Нил стоял между ними, явно не желая уходить и зная, что нет причины оставаться.
— Ну, я пойду, — сказал он наконец, — если ты пообещаешь сейчас же лечь в постель.
— Да, обещаю, Нил. — И Эмма обняла его и вдохнула лёгкий, отдающий морем запах его одеколона.
— Вы с Августом очень много для меня значите.
— Август и я, — вздохнул Нил и погладил Эмму по голове. — Да, это я знаю.
И, прежде чем отпустить её, взглянул на Джонса и сказал:
— Спокойной ночи, Эмма.
— Спокойной ночи, Нил.
Когда входная дверь захлопнулась, Киллиан спросил:
— А о чём это вы повздорили с Августом?
— Это не имеет никакого отношения к тому, что происходит. Это личное.
— Никаких личных дел сейчас быть не может!

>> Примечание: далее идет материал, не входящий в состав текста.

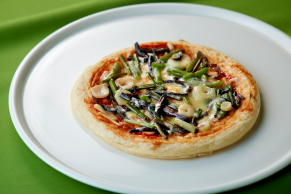 山菜の風味を生かし、トマトソースをベースにしたピザです。

— Но это было именно так, — Эмма повернулась и устало на него взглянула, однако между бровями залегла упрямая складка. — Джонс, у меня есть право иметь кое-какие личные проблемы.
— Я же просил тебя не встречаться ни с кем из них наедине.
— Ну, оштрафуй меня, — отрезала Эмма.
— Не стоит искушать меня, Свон, — Киллиан прямо встретил её негодующий взгляд. — И не делай этого впредь.
— Да, сержант, — и, недовольно вздохнув, Эмма провела рукой по волосам. — Извини…
— Не извиняйся. Просто выполняй то, о чём тебя просят.
— Ну, мне, наверное, надо идти спать. Я устала, — добавила Эмма, не глядя на Киллиана.
— Хорошо. — Но сам он не встал с места и всё так же пристально глядел на неё. — Поспи.
— Да-да, обязательно. Спокойной ночи.
Он слушал, как она поднимается по лестнице, потом швырнул сигарету в камин.
Наверху Эмма наполнила ванну.
«Всё, что мне сейчас надо, — подумала она, — таблетка аспирина от головной боли и горячая ванна, чтобы снять напряжение. А потом спать».
Она должна выспаться, всё тело этого требует. Впервые в жизни Эмма почувствовала, что истинная усталость невесома. Свон подождала, пока ванну окутал горячий пар, и затем легла в воду.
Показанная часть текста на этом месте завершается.